Spiritual Aspect vs Moral Aspect
God and Monotheism
Question asked by .
Answered by Saadia Malik

Please inform me of the true implication of the term ‘spiritual aspect’ of a human being? How does it differ from the ‘moral aspect’?


  Faith and religion guide man’s spiritual being. It has to do with his relationship with God, and the resultant attitude adopted by him in his dealings with fellow human beings. To be grateful to the Lord Almighty for His Providence and His Mercy, to observe the blessings that surround us, and thanking and acknowledging the Creator behind them contributes to the spirituality of a person. The direct implication of such a submissive attitude will help maintain a human being’s contact with his Lord through His prescribed forms of worship.

Seek the bounty of God, and worship Him. Give thanks to Him, for to Him you shall return. (29:17)

The best of all kinds of worship being the prayer.

The spiritual aspect of a human being, therefore, directly refers to his relationship with Allah, the resultant self-purification and dealings with others. For a Muslim, this will imply the greater Jihād, the one against the nafs. This is a constant, on-going battle against Satan, in order to protect oneself from the evil that lurks around us, and remain conscious of God Almighty at all times and under all circumstances.

The moral aspect is innate in man. His ability to decipher between good and bad, right and wrong, evil and pious, is God-given: man’s conscience. Morality is a universal concept by nature. However, in the secular world today, it has been distorted into a very relative concept. ‘Nurture’ is falsely being proclaimed as the winning end in the ‘nature’ versus ‘nurture’ debate. With every society defining its own morals, what may be considered a highly moral thing to do in one society, may be proclaimed something morally corrupt in another.

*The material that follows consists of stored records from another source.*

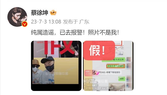 这次直播还没结束,蔡徐坤就已经找到了假图的漏洞,在前往警察局的路上了。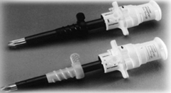 Игла с каплевидным утолщением на конце может быть прямой или изогнутой. Применяется для вскрытия вены при введении катетера.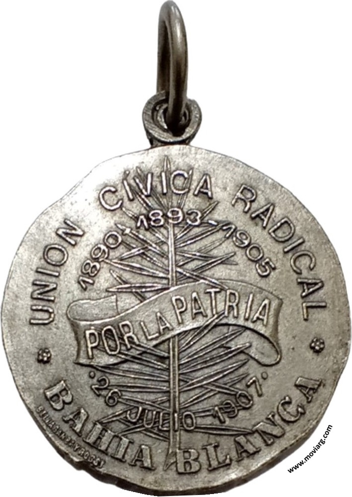 Anverso: Reverso: UNION CIVICA RADICAL / BAHIA BLANCA / 1890 - 1893 - 1905 / 26 JULIO 1907. Campo: POR LA PATRIA. Firma: BELLAGAMBA Y ROSSI Referencia: | |

In Islam, man’s moral aspect refers to his obedience to Allah, his selflessness, kindness, consideration, chastity, piety, charity, etc. Thus, for a Muslim whose life is governed by belief in Allah, and the beliefs and laws enacted by Him, both these concepts of the spiritual being and the moral being, will inevitably overlap. One would promote the other.

For example, the offering of prayers – a spiritual act – will reprimand man on any immoral act he may have committed. It should follow then that he ought to repent for his mistakes, correct himself and continue to answer the call of his conscience – the moral aspect.